1. Training a perceptron via scikit-learn

In [4]:
from sklearn.linear_model import Perceptron

ppn = Perceptron(n_iter=40, eta0=0.1, random_state=0)
ppn.fit(X_train_std, y_train)
y_pred = ppn.predict(X_test_std)
print('Misclassified sample: %d' % (y_test != y_pred).sum())

Misclassified sample: 4

In [5]:
from sklearn.metrics import accuracy_score

print('Accuracy: %.2f' % accuracy_score(y_test, y_pred))

Accuracy: 0.91

In [6]:
from matplotlib.colors import ListedColormap
import matplotlib.pyplot as plt

def plot_decision_regions(X, y, classifier, test_idx=None, resolution=0.02):

    # setup marker generator and color map
    markers = ('s', 'x', 'o', '^', 'v')
    colors = ('red', 'blue', 'lightgreen', 'gray', 'cyan')
    cmap = ListedColormap(colors[:len(np.unique(y))])

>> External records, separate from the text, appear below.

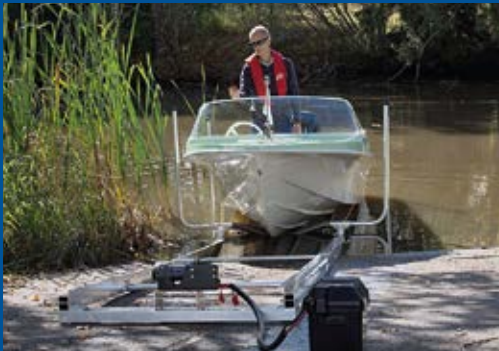
Kevyt telakka 10 m, sähkövinssi, vene 450 kg
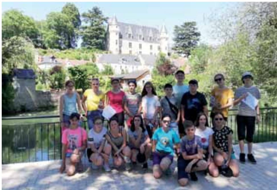
W tle zamek Montresor, należący do rodziny Reyów, obok most zaprojektowany przez Gustawa Eiffila.
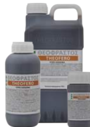
Διατίθεται στις συσκευασίες των 0.2, 0.5, 1 και 5 λίτρων.

• Ψεκασμός με 300-500cc σε 100Kg νερό ανά στρέμμα. Ριζοπότισμα με 0,5-1 L ανά στρέμμα.
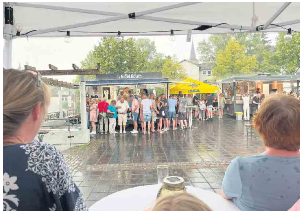
Trotz heftiger Regenschauer blieben die Besucher auf dem Kirmesplatz
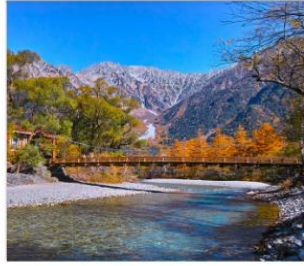
ดามิโดจิ
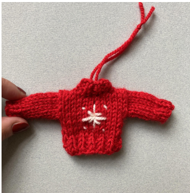
Zo ziet de trui eruit als hij klaar is
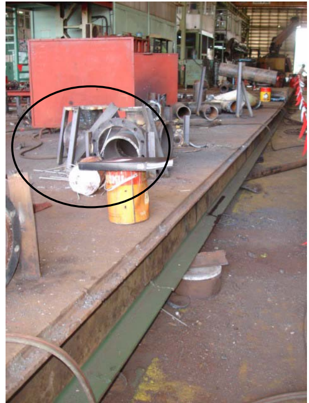
รูปที่ 6 ภาพแสดงอุปกรณ์และชิ้นงานที่ช่างเชื่อม ทำการเชื่อมบนPlatform
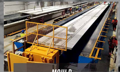
MOULD for Slabs
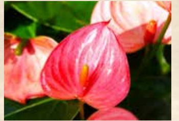
アンスリウム 上旬~下旬 ガラスハウス(エントランス/温室)
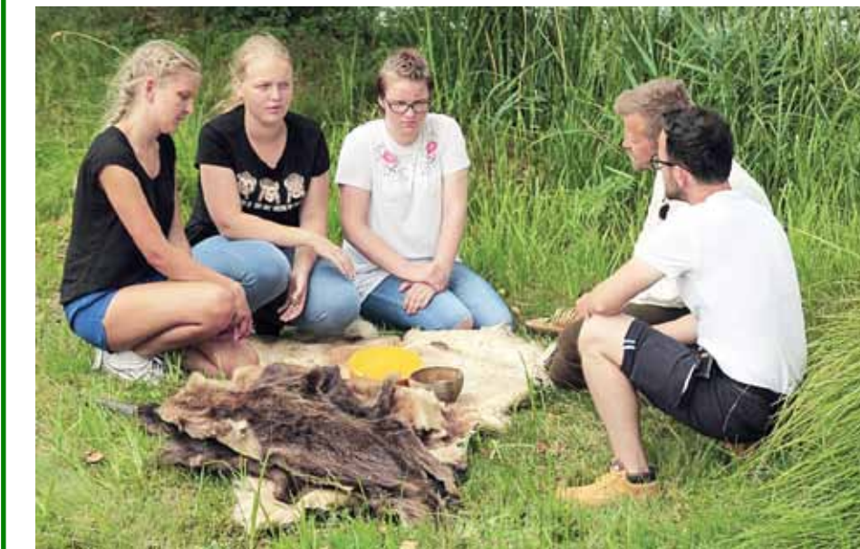
Meitenes uzklaušu, kādas neprecizitātes pieļautas un kādas izvēles bijušas pareizas uzdevumā par seno tirgošanos.

Trīs Skrundas vidusskolas meitenes pērn jūlijā piedalījušās Latvijas televīzijas raidījuma Vēstures skolotājs filmēšanā. Viņas stāsta par divu dienu ekspedīcijā pieredzēto, kad ar praktiskās arheoloģijas palīdzību bija jāatklāj Latvijas vēsture.

    # plot the decision surface
    x1_min, x1_max = X[:, 0].min() - 1, X[:, 0].max() + 1
    x2_min, x2_max = X[:, 1].min() - 1, X[:, 1].max() + 1
    xx1, xx2 = np.meshgrid(np.arange(x1_min, x1_max, resolution),
                           np.arange(x2_min, x2_max, resolution))
    Z = classifier.predict(np.array([xx1.ravel(), xx2.ravel()]).T)
    Z = Z.reshape(xx1.shape)
    plt.contourf(xx1, xx2, Z, alpha=0.4, cmap=cmap)
    plt.xlim(xx1.min(), xx1.max())
    plt.ylim(xx2.min(), xx2.max())

    for idx, cl in enumerate(np.unique(y)):
        plt.scatter(x=X[y == cl, 0], y=X[y == cl, 1],
                    alpha=0.8, c=cmap(idx),
                    marker=markers[idx], label=cl)

    # highlight test samples
    if test_idx:
        # plot all samples
        X_test, y_test = X[test_idx, :], y[test_idx]
        plt.scatter(X_test[:, 0],
                    X_test[:, 1],
                    s=55, label='test set')

In [7]:
X_combined_std = np.vstack((X_train_std, X_test_std))
y_combined = np.hstack((y_train, y_test))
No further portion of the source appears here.